Выбрать главу

— Почему ты делаешь это для меня, Фабио? — спросил Бомболини.

Фабио ничего не ответил. Мог ли он произнести имя Анджелы? Он спросил себя, полез ли бы он на эту башню ради отца какой-нибудь другой девушки, но тут же сообразил, что только отец Анджелы и мог выкинуть такую штуку.

— Почему, Фабио?

— Потому, что ты попал в беду. Люди должны помогать друг другу в беде.

— Ох, Фабио, — сказал Бомболини. — И откуда только ты набрался таких идей? Люди должны заботиться о самих себе и больше ни о ком. Ну, давай попробуем спуститься на одну ступеньку.

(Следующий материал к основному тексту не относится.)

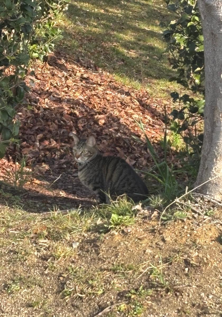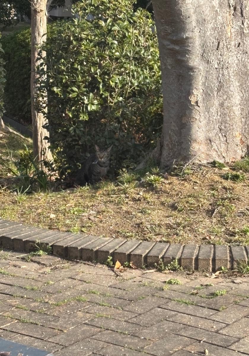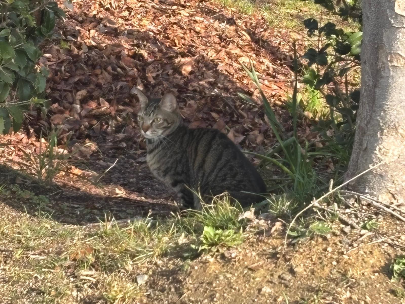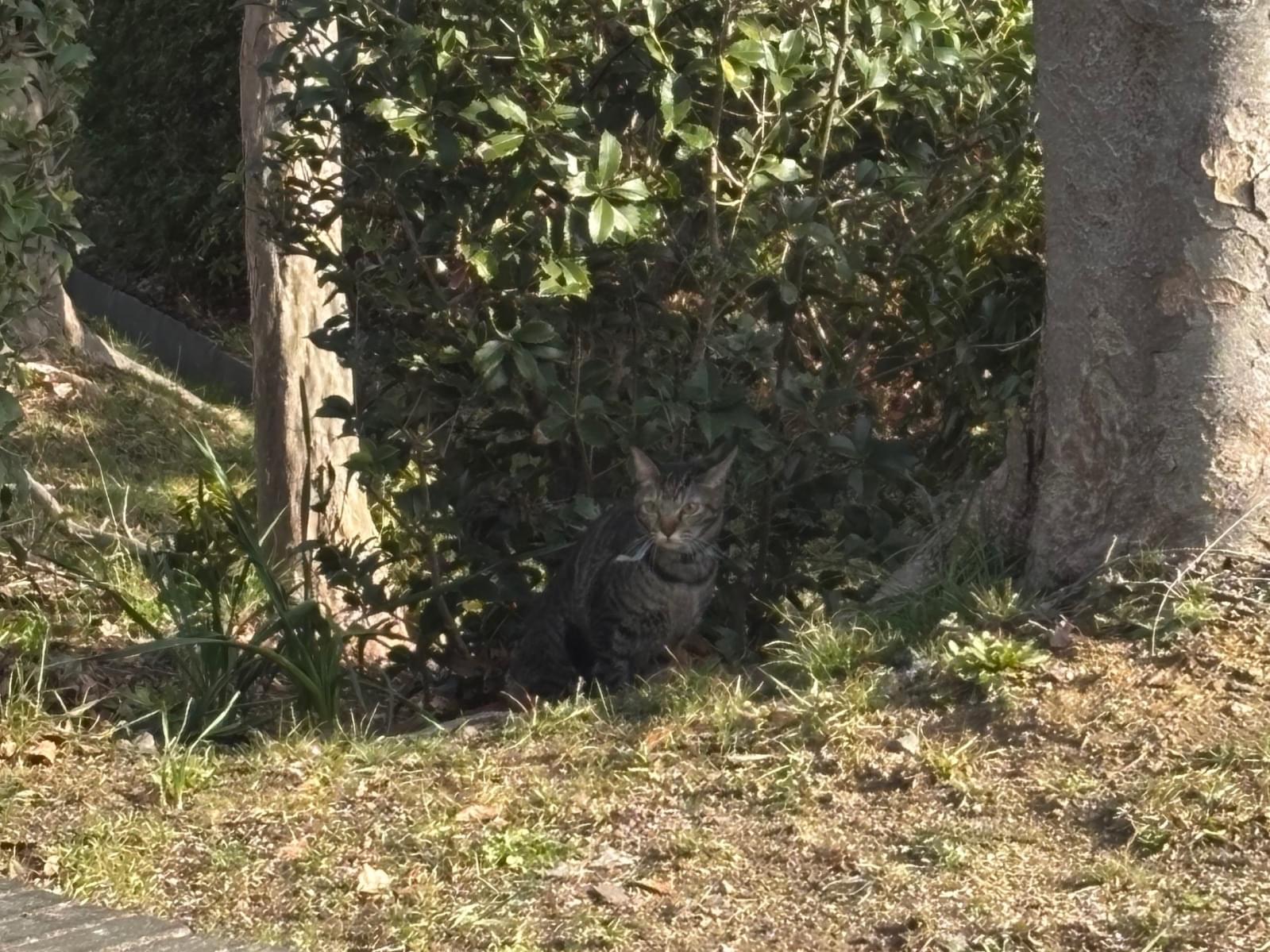 青い首輪をしたキジトラ猫
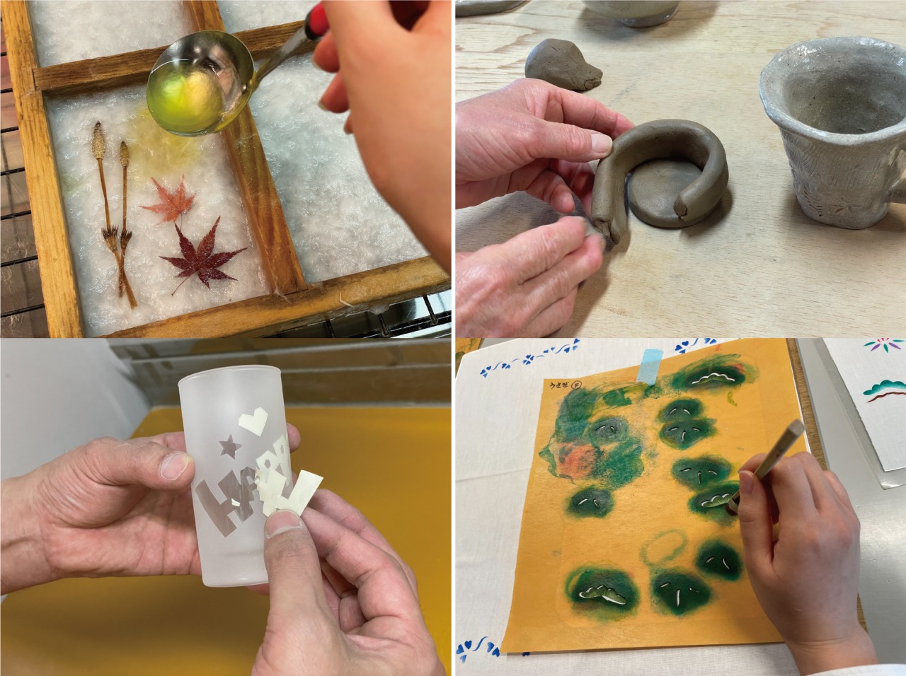 九谷焼ろくろ回しやサンドブラスト、手びねりや紙漉き(かみすき)など50種類以上の工芸体験ができます。
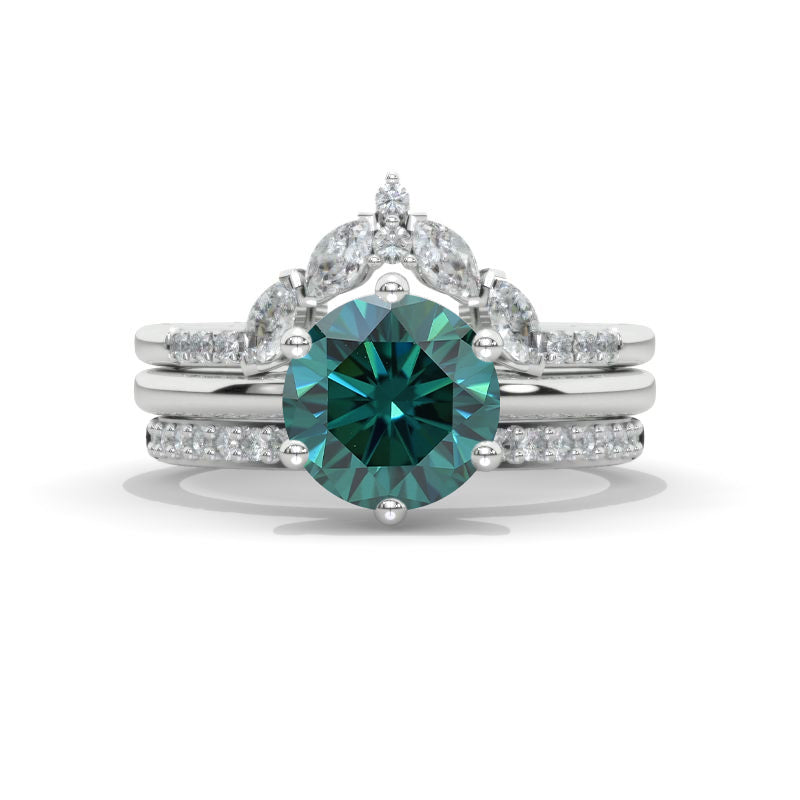 2 Carat Round Brilliant Cut GreenMoissanite Engagement Ring, 14K White Gold Eternity Rings Set
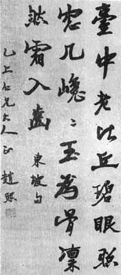 【简介】: 近代·赵熙书。纸本。行书。诗四句。凡四行,共三十二字。刊于《民国时期书法》(下)。 【赏析】: 这件行书轴是赵熙晚年所作,写得遒厚雅逸,朴华练达。他的用笔能兼具沉劲与飒爽;结字出于六朝,而又随机变化,敛纵对比,神情警策稳健而姿致潇洒,能兼具雄强与雅秀。这些特点,都出自于赵熙碑帖兼收而相济的书艺观及其创作实践。他说:“凡天姿頴者喜南书,挟胜气者喜北书。南多工而北多拙,拙近古而工近今。各有长短,相济而不相非,斯杰士矣。”正因爲此,他从帖到碑,从颜眞卿、赵孟頫到汉魏,“豪杰挺然风气外”,锤炼成了自己的风格,其影响尤盛于巴蜀,而延续至今。
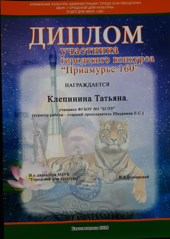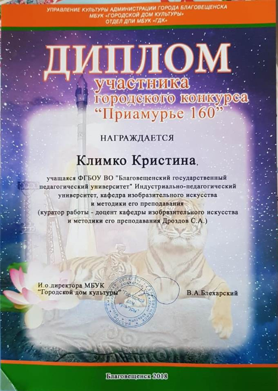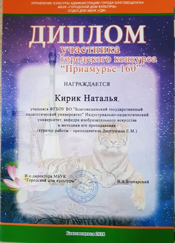 художественного и декоративно-прикладного творчества «Приамурье 160» которая
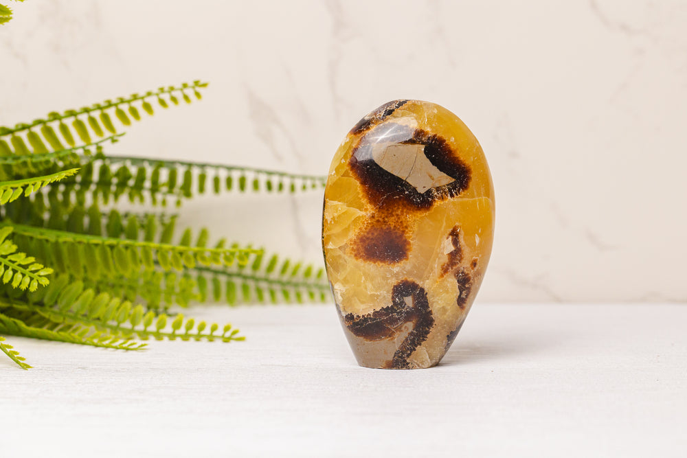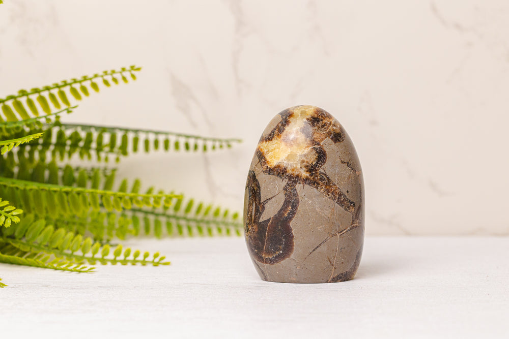 Voel de oeroude kracht van de aarde met onze Septarie sculpturen – fascinerende stenen met een uniek patroon van gele calciet, bruine aragoniet en grijze kalksteen. Elke sculptuur is een natuurlijk kunstwerk, miljoenen jaren oud, en straalt een aardende en beschermende energie uit.
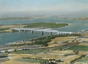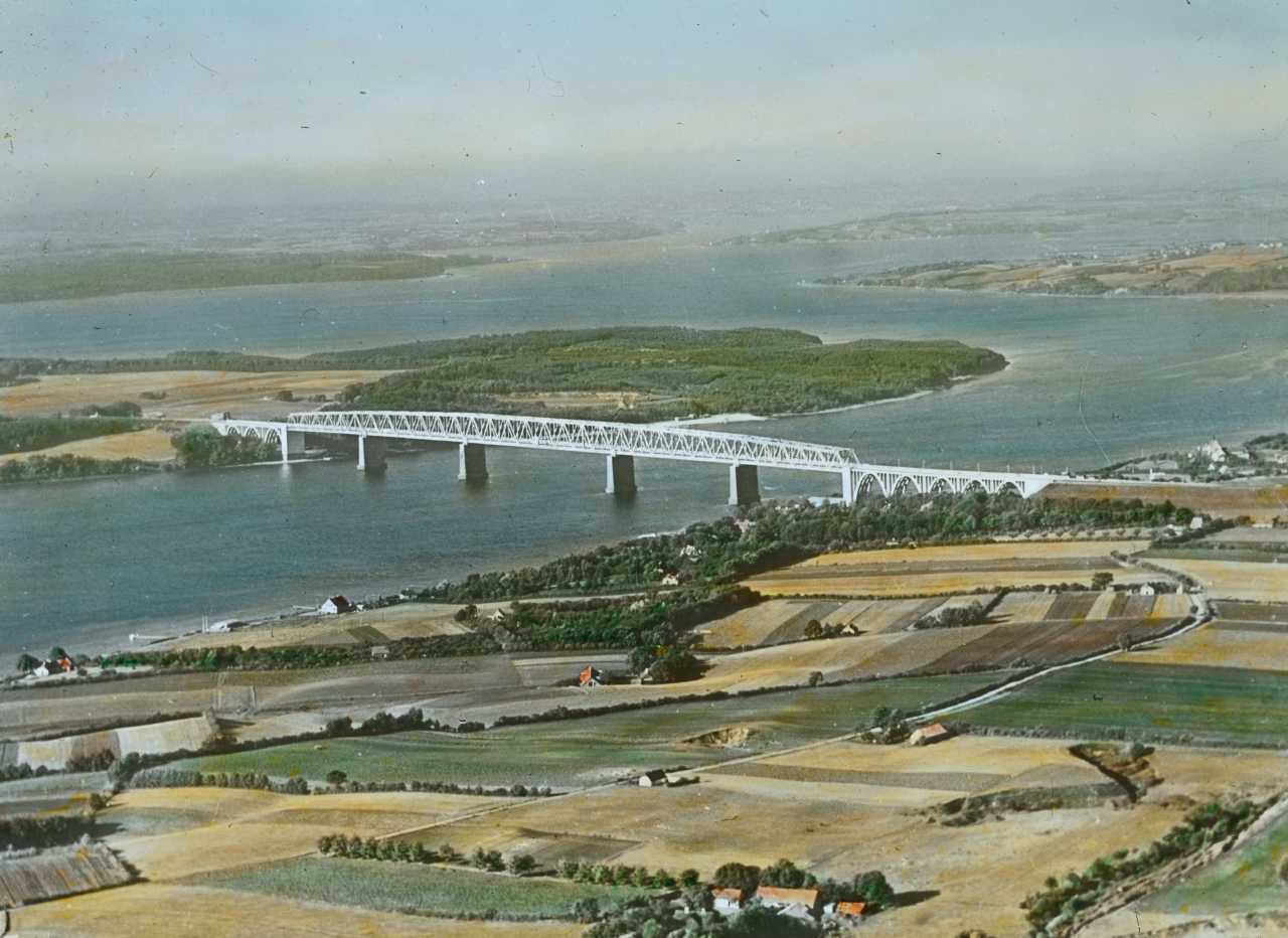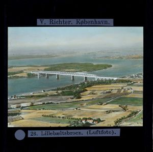 Titel hentet fra original dias. Billedet er håndkoloreret og stammer fra lysbilledserie nr. 257 benævnt "Vort land". På dias er påsat labels: "V. Richter. København." og "26. Lillebæltsbroen. (Luftfoto).". I serien er 70 lysbilleder. Firmaet V. Richter producerede, kuraterede og distribuerede lysbilledserier i primært 1920'erne og 1930'erne. Dias måler ca. 8 x 8 cm.
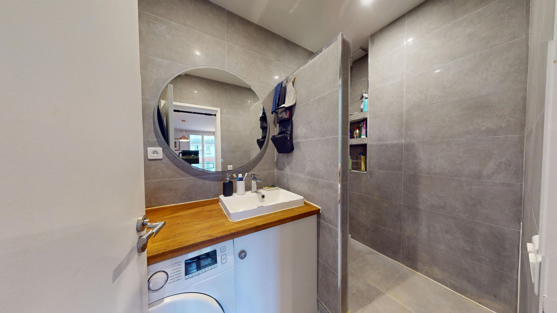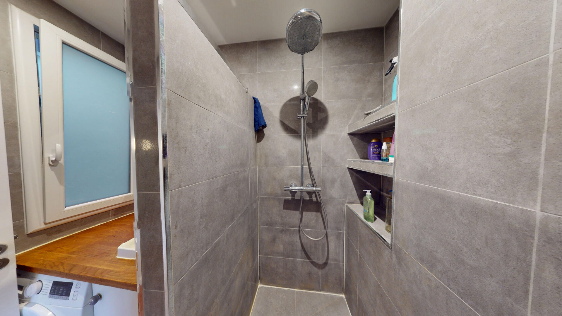 Salle d'eau moderne, entièrement carrelée, avec grande douche, chose suffisamment rare pouyr être mentionnée, une fenêtre pour l'aération et la lumière naturelle ainsi qu'une arrivée/évacuation pour machine à laver.

Фабио- взял ногу Бомболини и переставил ее на ступеньку ниже, а сам снова полез вверх, так что голова его оказалась на уровне талии Бомболини, и спустил веревочный пояс примерно на фут ниже. Они повторили эту операцию несколько раз и стали отдыхать.

— Фабио!

— Да?

— Послушай, что я тебе скажу, Фабио: если только я живым спущусь с этой вышки и если есть что-нибудь такое на свете, что тебе хотелось бы иметь и что я мог бы тебе дать, скажи мне только, и я все тебе отдам.

Ну почему не мог он сказать ему тут же? Сказать честно и прямо, не кривя душой ни перед самим собой, ни перед этим человеком, припеленутым к трубе, чью жизнь он пытался спасти, рискуя своей жизнью! Одно только слово. Или всего несколько слов: «Да, есть у меня такое желание: я хочу взять себе в жены твою дочь Анджелу». Однако вместо этого Фабио смог только пробормотать:

— Ладно, ладно… — и почувствовал, что краснеет. Они уже собрались было снова приступить к спуску, и тут Бомболини начал тыкать пальцем па север.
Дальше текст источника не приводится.